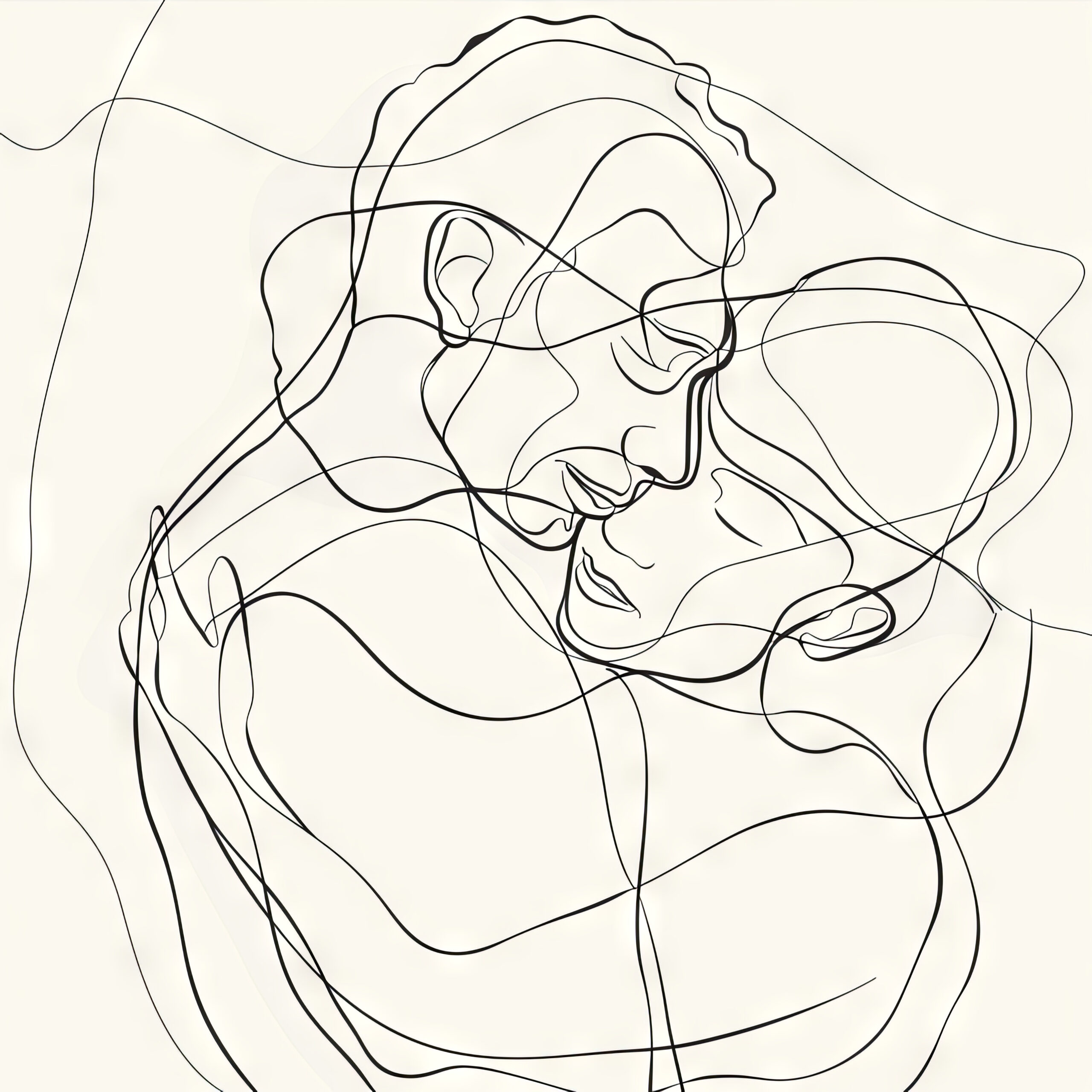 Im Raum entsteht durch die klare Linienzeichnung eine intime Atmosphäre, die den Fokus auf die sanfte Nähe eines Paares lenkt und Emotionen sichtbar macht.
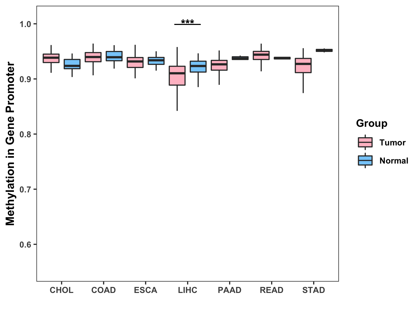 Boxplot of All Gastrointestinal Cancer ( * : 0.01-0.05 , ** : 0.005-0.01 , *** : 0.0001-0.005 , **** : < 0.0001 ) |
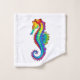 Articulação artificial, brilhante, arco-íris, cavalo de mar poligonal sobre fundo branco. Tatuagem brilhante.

EXERCISE DIRECTIONS
Before you return the listing exactly, strip out its pictures.

WRITTEN SOLUTION
 Im Raum entsteht durch die klare Linienzeichnung eine intime Atmosphäre, die den Fokus auf die sanfte Nähe eines Paares lenkt und Emotionen sichtbar macht.
 Boxplot of All Gastrointestinal Cancer ( * : 0.01-0.05 , ** : 0.005-0.01 , *** : 0.0001-0.005 , **** : < 0.0001 ) |
 Articulação artificial, brilhante, arco-íris, cavalo de mar poligonal sobre fundo branco. Tatuagem brilhante.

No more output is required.